## [To do]
Images excluded, return every record exactly as it reads.

# # # # #

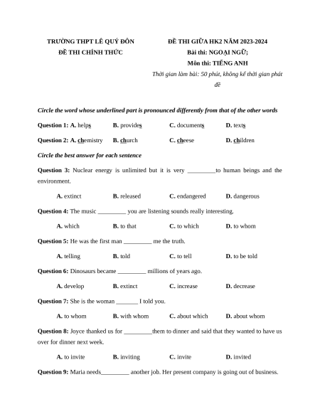 Đề thi giữa kì 2 Tiếng Anh 11 trường THPT Lê Quý Đôn
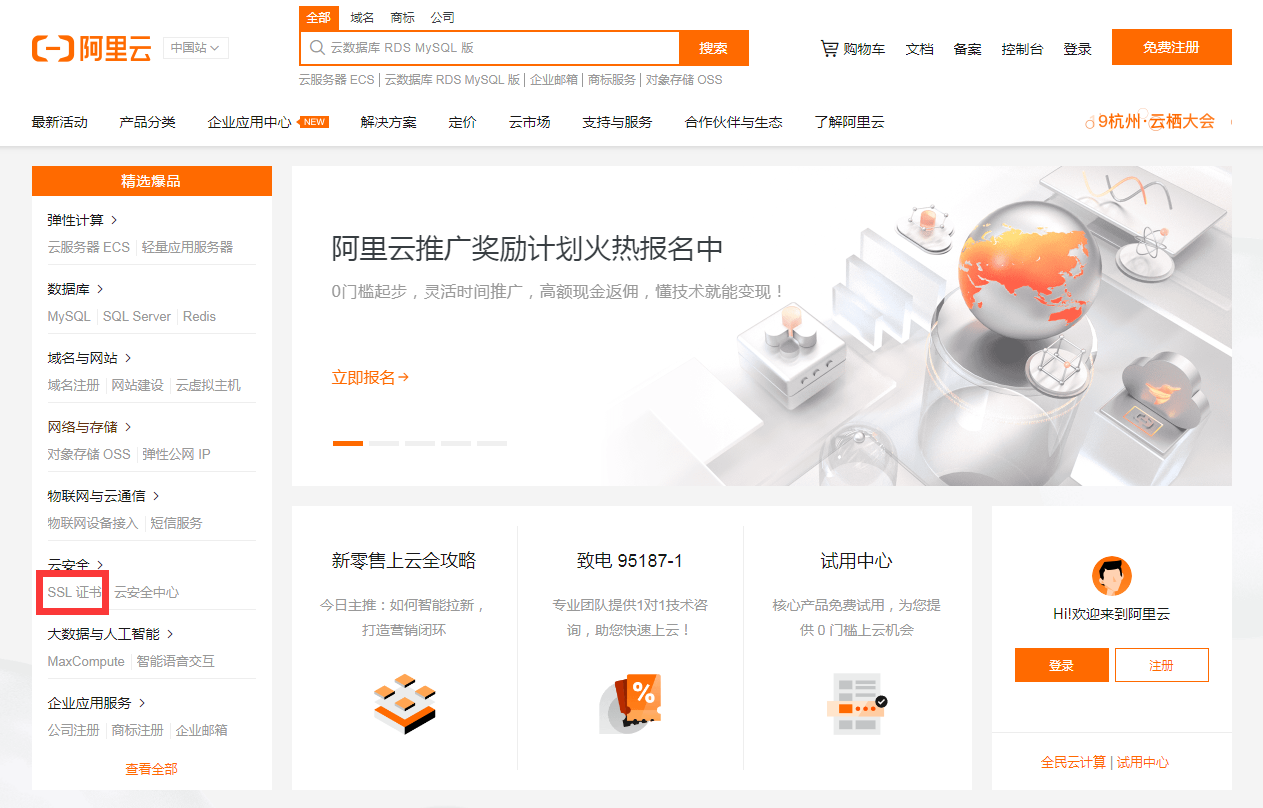 首先登陆阿里云官网:https://www.aliyun.com,找到SSL证书,点击以后会有选购证书和SSL证书控制台,咱们这里先点击选购证书。
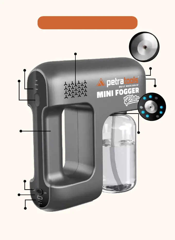 PetraTools Mini Fogger Pro - Product Specifications; Component Identification
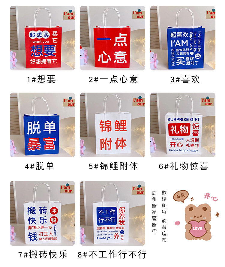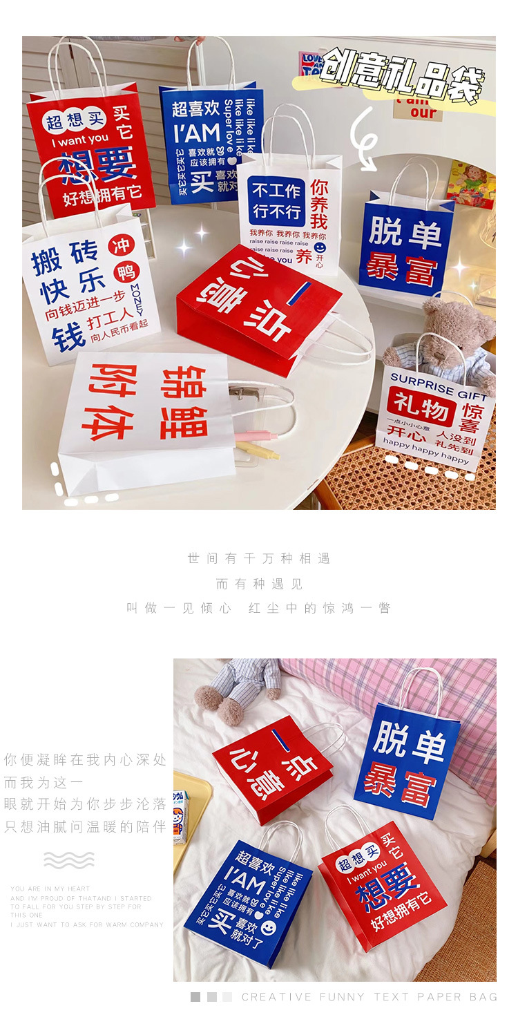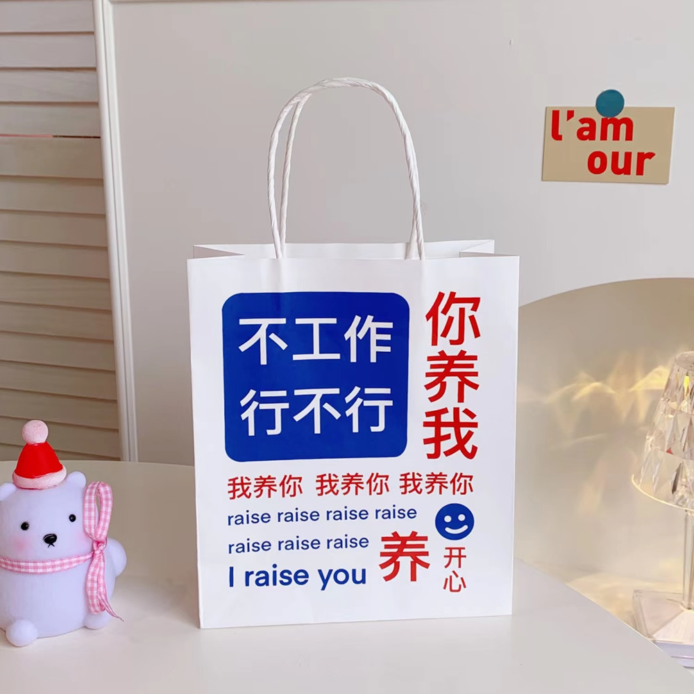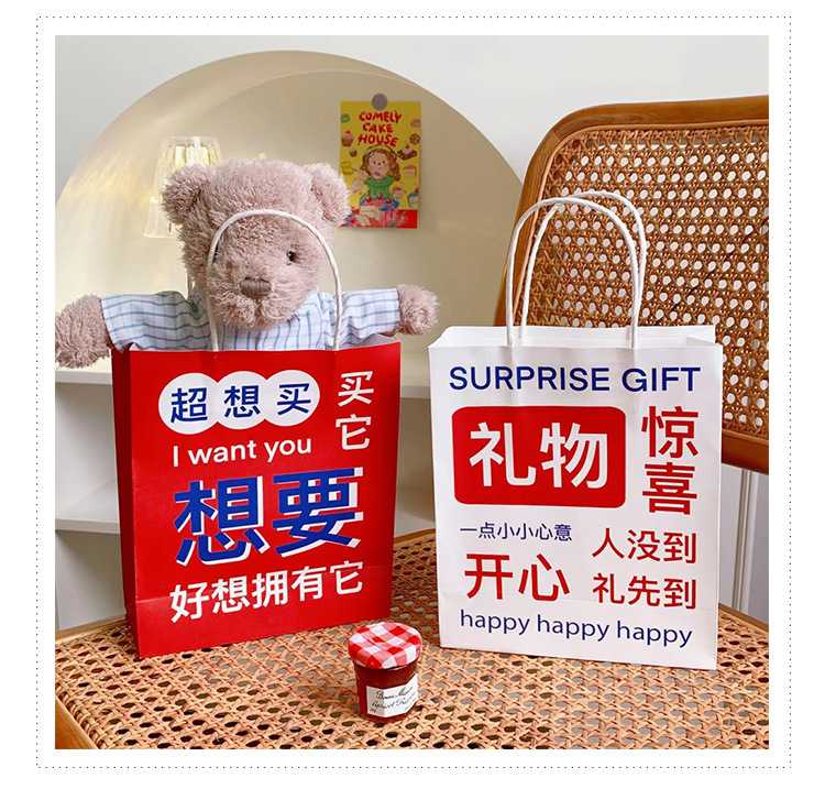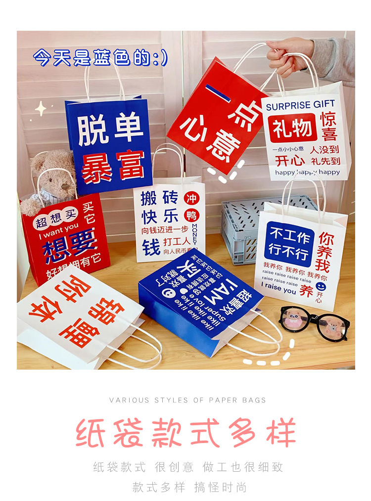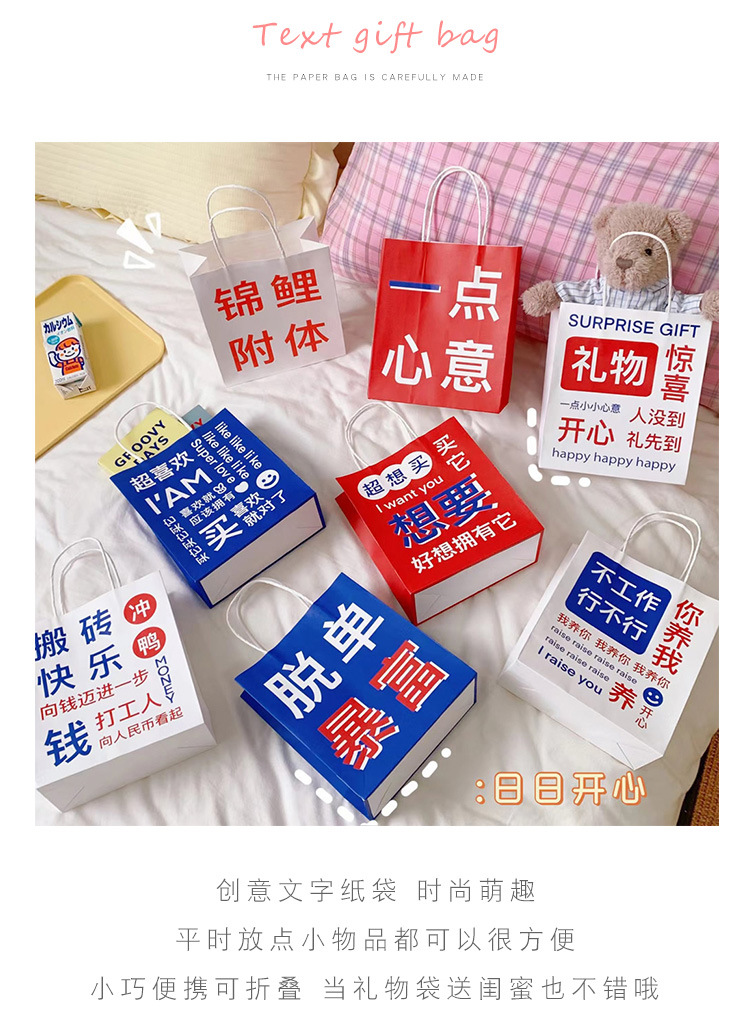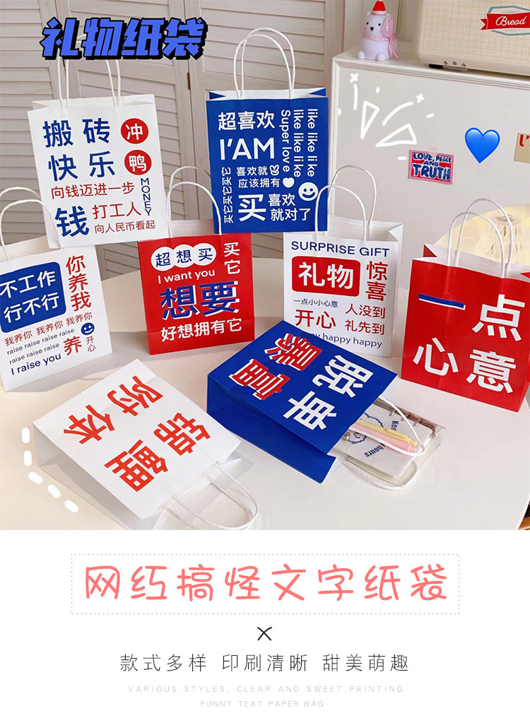 网红搞怪文字礼品袋少女创意大容量礼物包装袋手提袋可爱牛皮纸袋
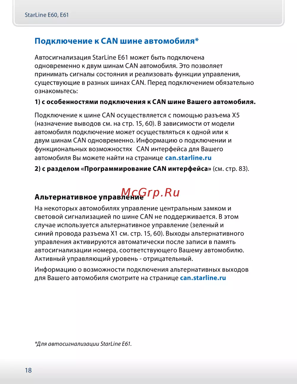 Starline E61 [18/126] Подключение к can шине автомобиля
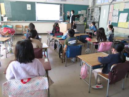 今日は、低学年と高学年で実施していただきましたが、どの学級もお話の世界に引き込まれていました。
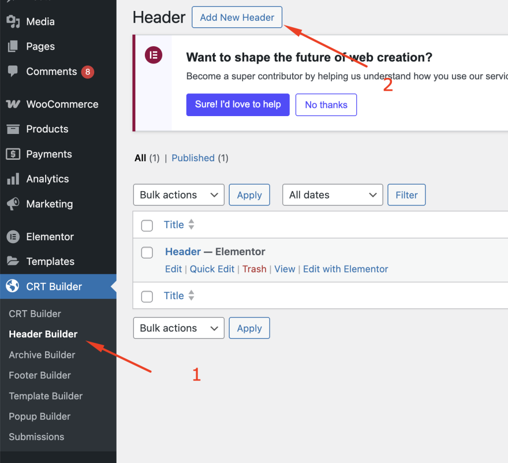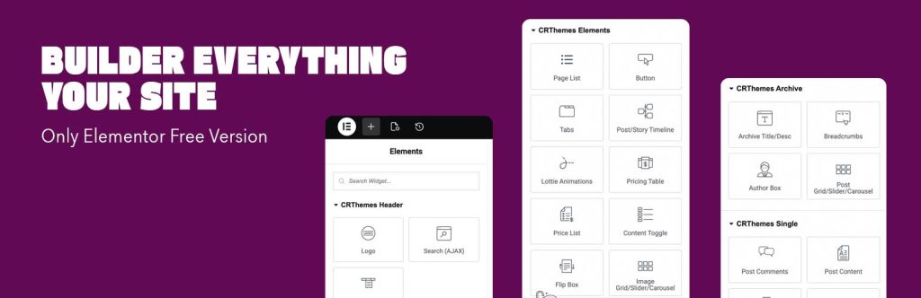To build a website, we only need the free version of Elementor and CRT Manage.
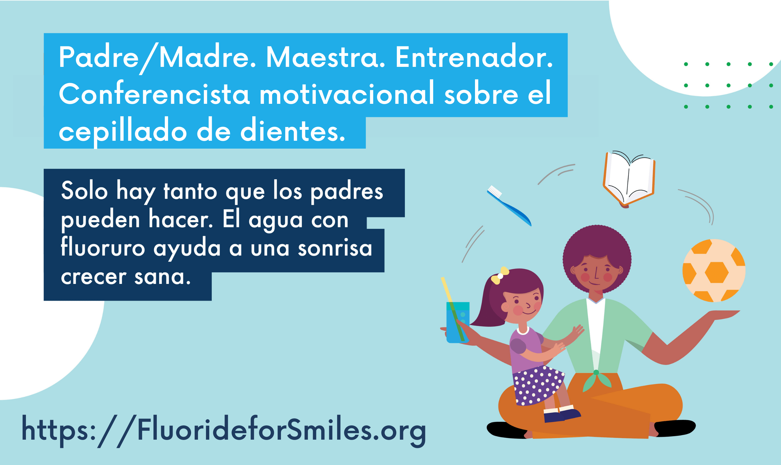 La vida con niños es impredecible. Cuando su agua tiene fluoruro, puede ayudar a proteger los dientes de su familia sin incluir otras cosas que hacer en su ya ocupada rutina. Para obtener más información y ayudar a correr la voz, visite www.fluorideforsmiles.org.
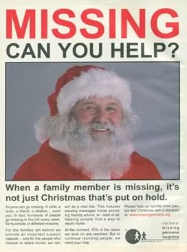 Еще одна нетипичная рождественская кампания — родом из 2000-х. В 2004 году горячая линия помощи родственникам пропавших без вести (National missing persons helpline) решила, что в Рождество неплохо бы напомнить о своем существовании. Служба разместила объявление о пропаже Санта-Клауса с призывом всем, кто его видел, звонить на ее телефон.
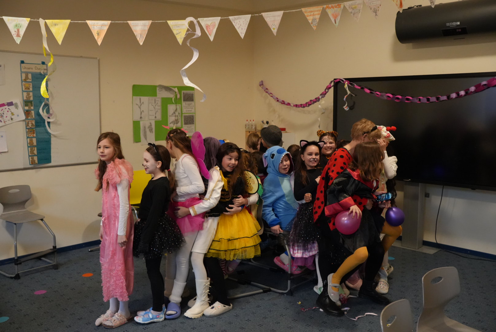 In den Klassen und Bildungshäusern wurde kräftig Karneval gefeiert: Kostüme wurden präsentiert, Spiele gespielt, Kinder geschminkt, in der Turnhalle geklettert und gemeinsam gegessen. Helau!
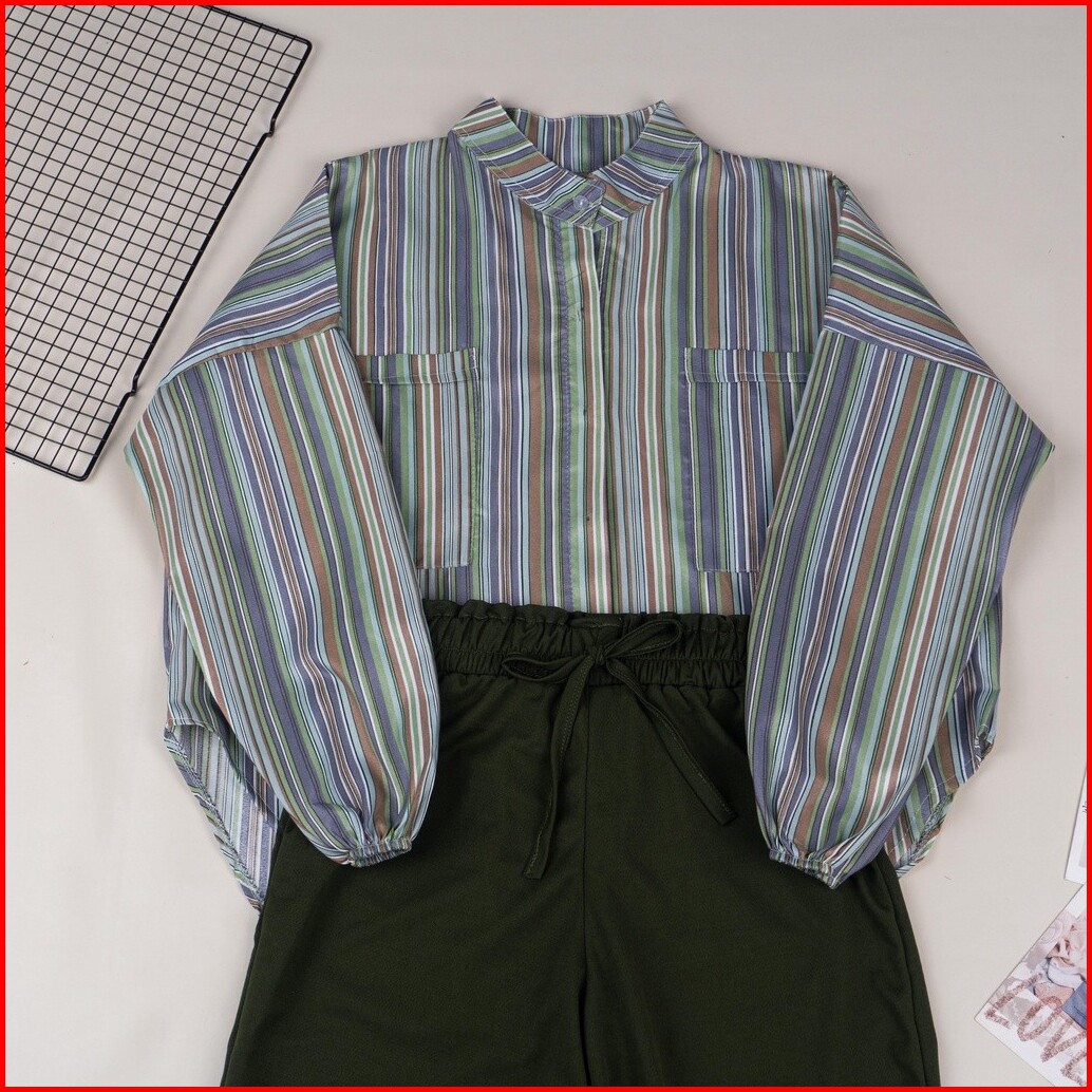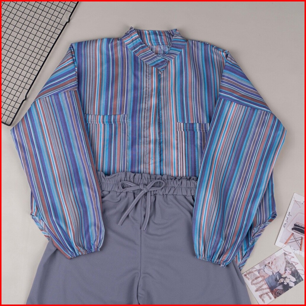 One Set Kemeja Oversize Set Aprilia Candy Sierra Stripe Wanita

# # # # #

## [Answer for the task]
 Đề thi giữa kì 2 Tiếng Anh 11 trường THPT Lê Quý Đôn
 首先登陆阿里云官网:https://www.aliyun.com,找到SSL证书,点击以后会有选购证书和SSL证书控制台,咱们这里先点击选购证书。
 PetraTools Mini Fogger Pro - Product Specifications; Component Identification
 网红搞怪文字礼品袋少女创意大容量礼物包装袋手提袋可爱牛皮纸袋
 Starline E61 [18/126] Подключение к can шине автомобиля
 今日は、低学年と高学年で実施していただきましたが、どの学級もお話の世界に引き込まれていました。
To build a website, we only need the free version of Elementor and CRT Manage.
 La vida con niños es impredecible. Cuando su agua tiene fluoruro, puede ayudar a proteger los dientes de su familia sin incluir otras cosas que hacer en su ya ocupada rutina. Para obtener más información y ayudar a correr la voz, visite www.fluorideforsmiles.org.
 Еще одна нетипичная рождественская кампания — родом из 2000-х. В 2004 году горячая линия помощи родственникам пропавших без вести (National missing persons helpline) решила, что в Рождество неплохо бы напомнить о своем существовании. Служба разместила объявление о пропаже Санта-Клауса с призывом всем, кто его видел, звонить на ее телефон.
 In den Klassen und Bildungshäusern wurde kräftig Karneval gefeiert: Kostüme wurden präsentiert, Spiele gespielt, Kinder geschminkt, in der Turnhalle geklettert und gemeinsam gegessen. Helau!
 One Set Kemeja Oversize Set Aprilia Candy Sierra Stripe Wanita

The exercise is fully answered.